What you will do:
Restate, exactly as written, the entries below from the line that holds "BTCは短期ダウントレンドラ" through the line that holds "Sturdy Thompson-built, all". Pictures are not part of the copy.

___ Data section ___

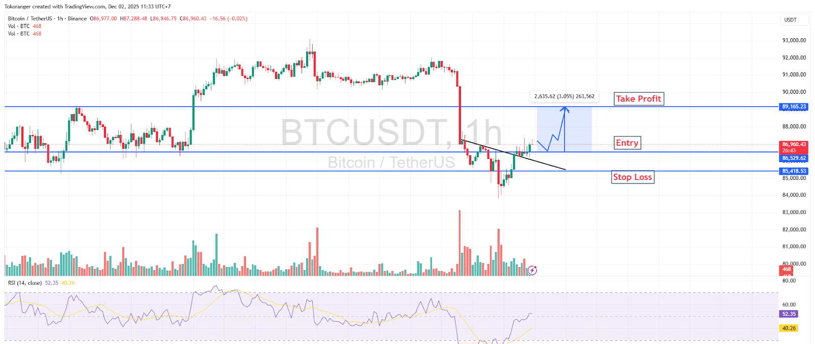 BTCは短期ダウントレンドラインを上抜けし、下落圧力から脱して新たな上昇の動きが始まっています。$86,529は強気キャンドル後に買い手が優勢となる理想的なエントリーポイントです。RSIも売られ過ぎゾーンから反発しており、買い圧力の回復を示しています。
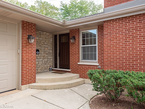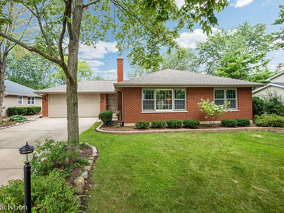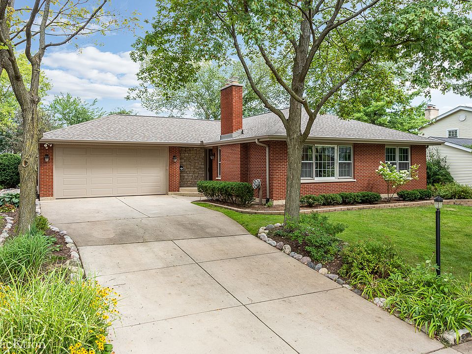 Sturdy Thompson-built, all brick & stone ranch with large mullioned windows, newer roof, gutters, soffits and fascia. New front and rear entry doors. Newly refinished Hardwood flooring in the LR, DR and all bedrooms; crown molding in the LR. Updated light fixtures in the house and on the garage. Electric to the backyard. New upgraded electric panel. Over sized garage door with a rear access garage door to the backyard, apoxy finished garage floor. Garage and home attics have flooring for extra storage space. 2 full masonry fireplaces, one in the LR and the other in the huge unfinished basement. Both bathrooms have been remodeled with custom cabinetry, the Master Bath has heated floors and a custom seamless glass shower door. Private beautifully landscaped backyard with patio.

___
___ Data section ___

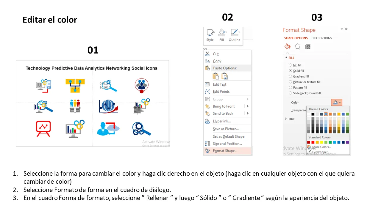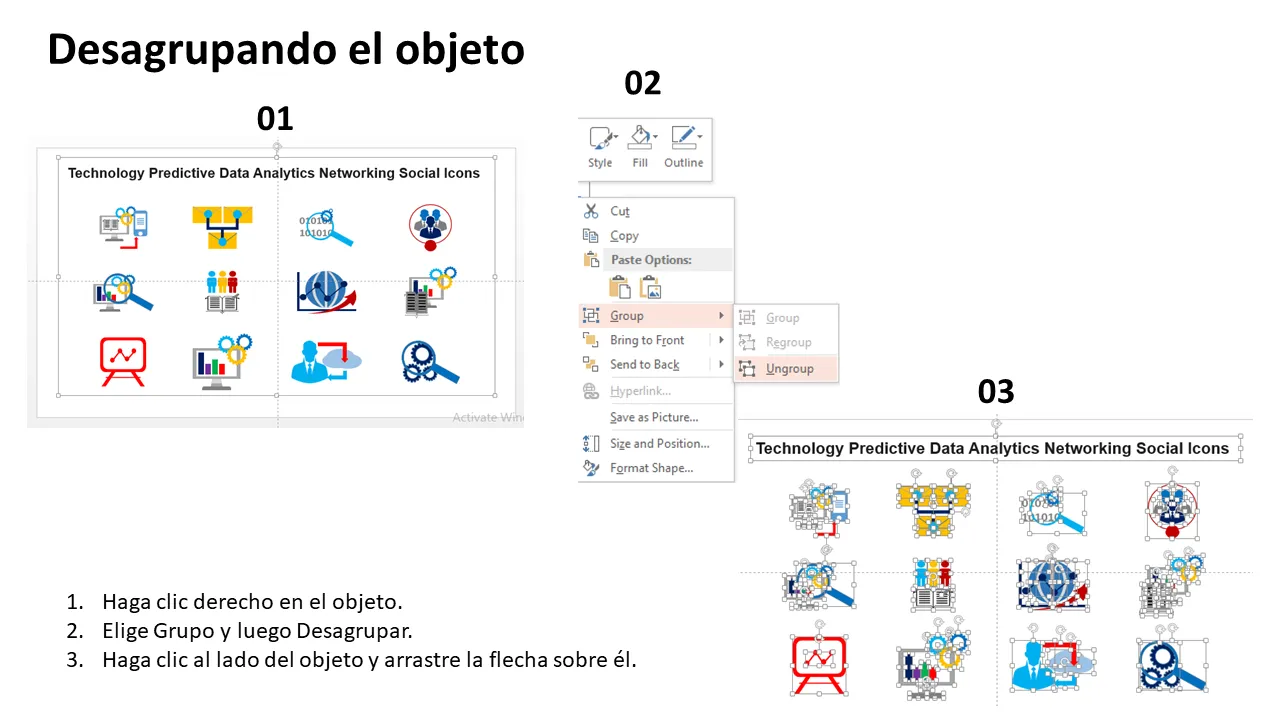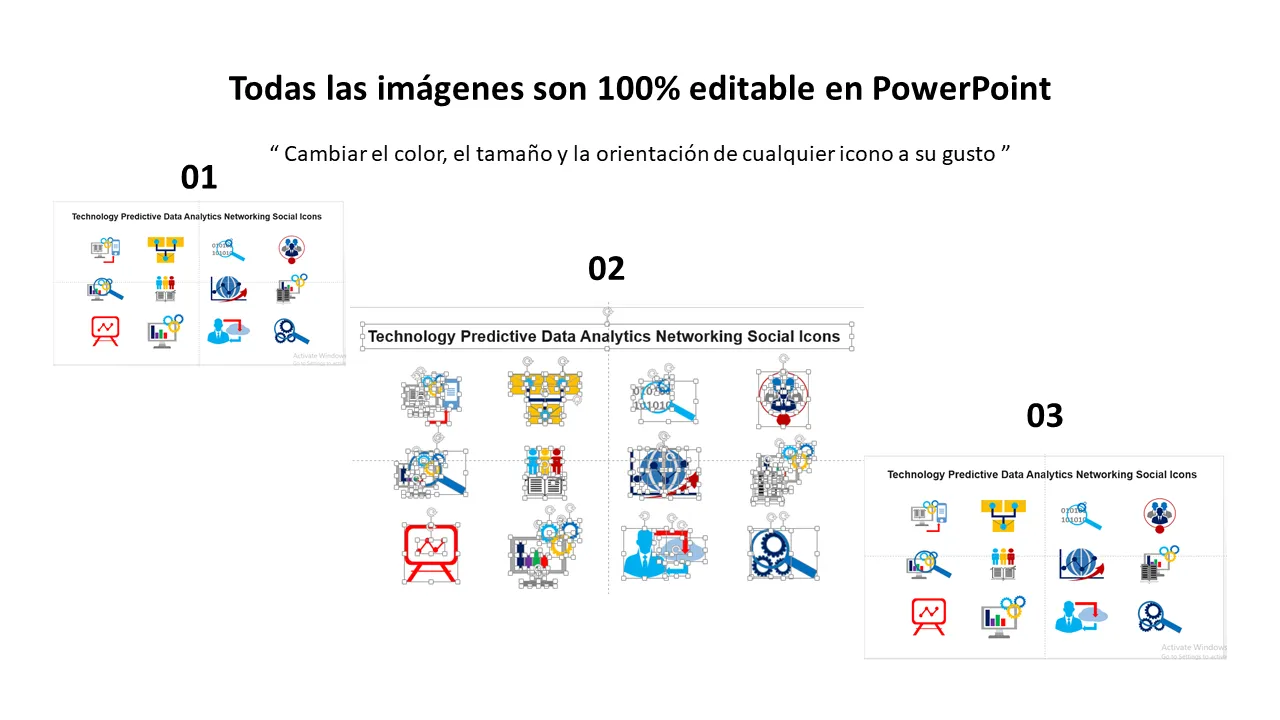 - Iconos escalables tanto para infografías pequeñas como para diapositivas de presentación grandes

___

Exercise result:
 BTCは短期ダウントレンドラインを上抜けし、下落圧力から脱して新たな上昇の動きが始まっています。$86,529は強気キャンドル後に買い手が優勢となる理想的なエントリーポイントです。RSIも売られ過ぎゾーンから反発しており、買い圧力の回復を示しています。
 Sturdy Thompson-built, all brick & stone ranch with large mullioned windows, newer roof, gutters, soffits and fascia. New front and rear entry doors. Newly refinished Hardwood flooring in the LR, DR and all bedrooms; crown molding in the LR. Updated light fixtures in the house and on the garage. Electric to the backyard. New upgraded electric panel. Over sized garage door with a rear access garage door to the backyard, apoxy finished garage floor. Garage and home attics have flooring for extra storage space. 2 full masonry fireplaces, one in the LR and the other in the huge unfinished basement. Both bathrooms have been remodeled with custom cabinetry, the Master Bath has heated floors and a custom seamless glass shower door. Private beautifully landscaped backyard with patio.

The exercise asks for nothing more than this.